| Task description |
Under this line is a listing; return exactly the lines starting at the one with "ПИСЬМО ФТС РФ от 12.04.2013 N 14-42/15796" and running down to the one with "Професійна гребінець з", and leave out its pictures.

| Records provided |
------------------------------------------------
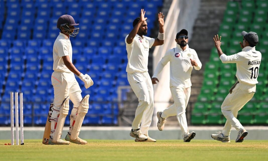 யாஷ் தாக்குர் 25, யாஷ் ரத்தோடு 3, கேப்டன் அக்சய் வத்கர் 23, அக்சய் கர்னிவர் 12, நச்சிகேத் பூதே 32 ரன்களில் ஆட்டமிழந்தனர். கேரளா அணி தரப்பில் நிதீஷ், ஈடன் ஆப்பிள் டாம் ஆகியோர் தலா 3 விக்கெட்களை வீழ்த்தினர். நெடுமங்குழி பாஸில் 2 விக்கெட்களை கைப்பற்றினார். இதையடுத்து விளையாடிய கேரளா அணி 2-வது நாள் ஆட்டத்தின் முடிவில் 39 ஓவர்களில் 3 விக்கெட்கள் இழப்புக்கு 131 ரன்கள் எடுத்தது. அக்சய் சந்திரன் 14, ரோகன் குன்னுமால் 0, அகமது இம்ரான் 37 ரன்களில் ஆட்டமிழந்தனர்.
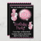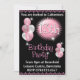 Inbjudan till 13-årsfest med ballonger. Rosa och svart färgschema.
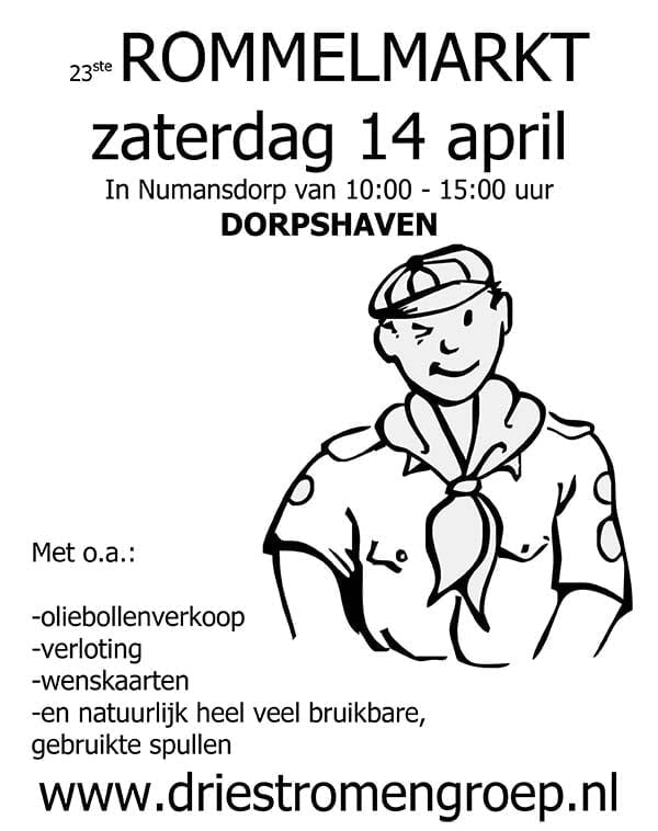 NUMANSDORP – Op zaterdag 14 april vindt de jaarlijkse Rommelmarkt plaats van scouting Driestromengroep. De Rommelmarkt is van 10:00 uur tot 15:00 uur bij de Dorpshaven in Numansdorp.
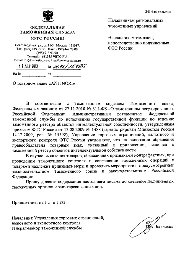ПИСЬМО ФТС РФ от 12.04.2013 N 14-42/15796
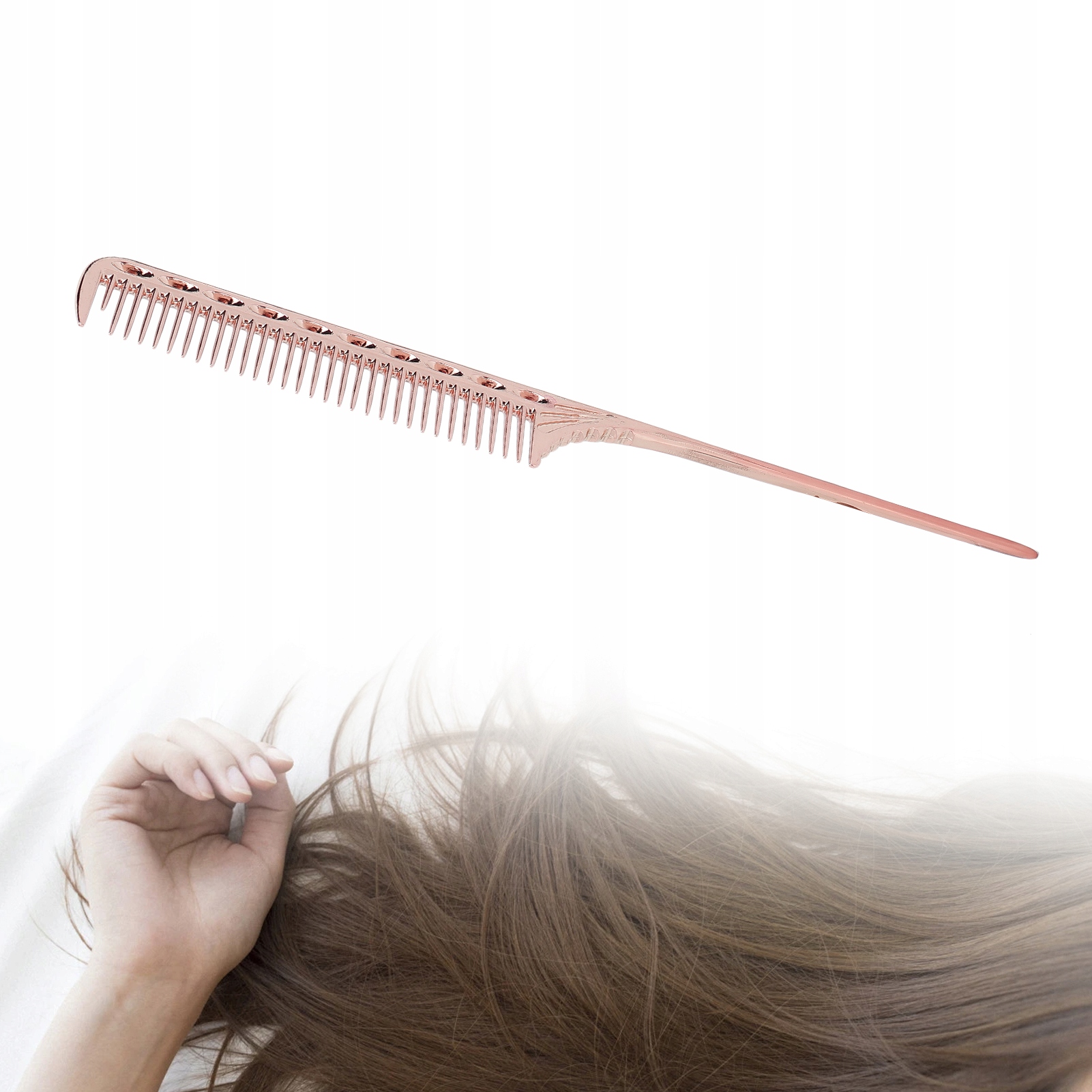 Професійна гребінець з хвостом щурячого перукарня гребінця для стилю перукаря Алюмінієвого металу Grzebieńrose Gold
------------------------------------------------
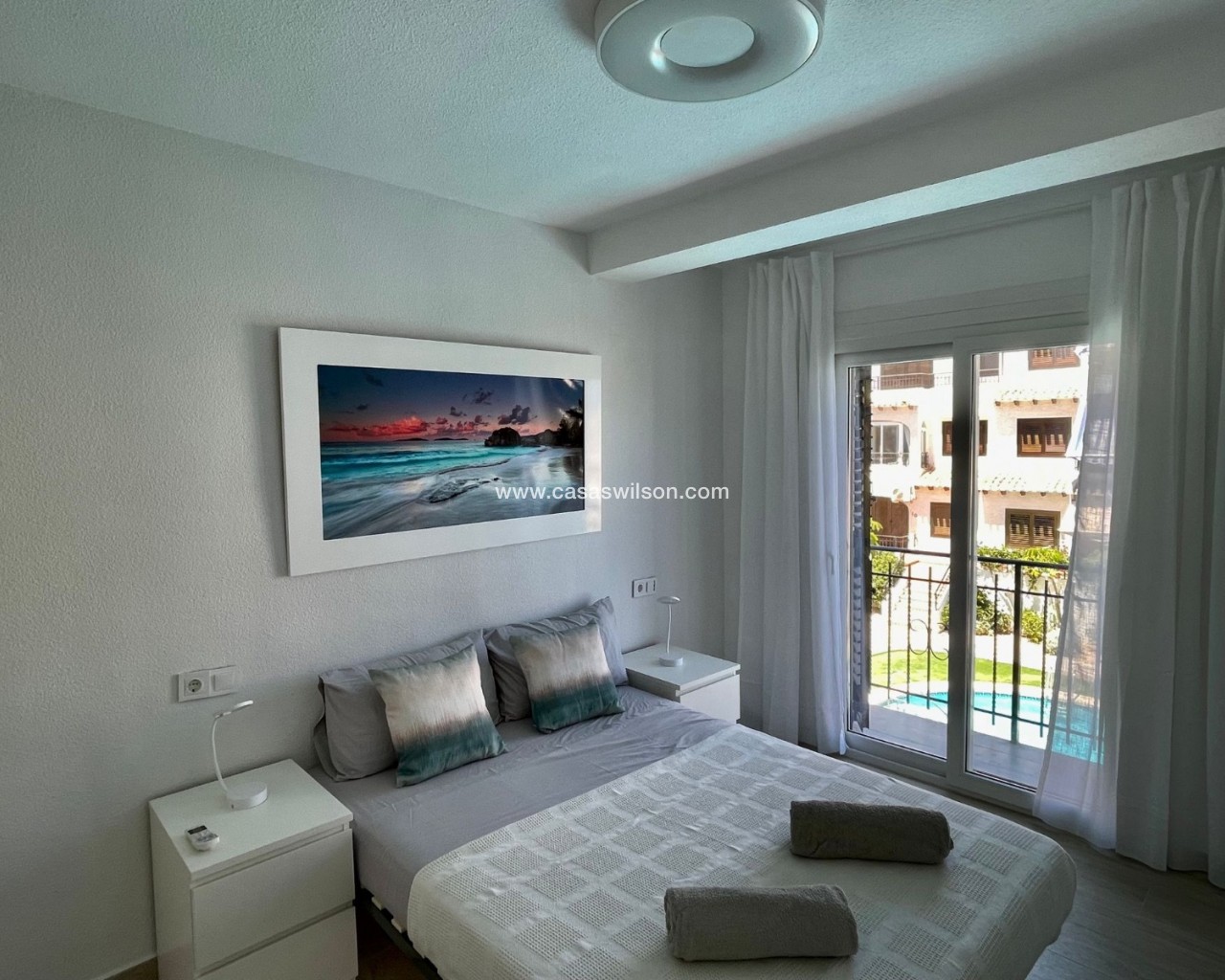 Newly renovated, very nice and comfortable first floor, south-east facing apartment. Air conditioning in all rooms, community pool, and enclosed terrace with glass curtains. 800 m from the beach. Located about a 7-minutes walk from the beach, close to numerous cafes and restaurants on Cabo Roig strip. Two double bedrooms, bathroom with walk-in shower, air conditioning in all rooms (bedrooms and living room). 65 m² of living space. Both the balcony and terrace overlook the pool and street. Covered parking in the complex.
------------------------------------------------
| Answer area |
ПИСЬМО ФТС РФ от 12.04.2013 N 14-42/15796
 Професійна гребінець з хвостом щурячого перукарня гребінця для стилю перукаря Алюмінієвого металу Grzebieńrose Gold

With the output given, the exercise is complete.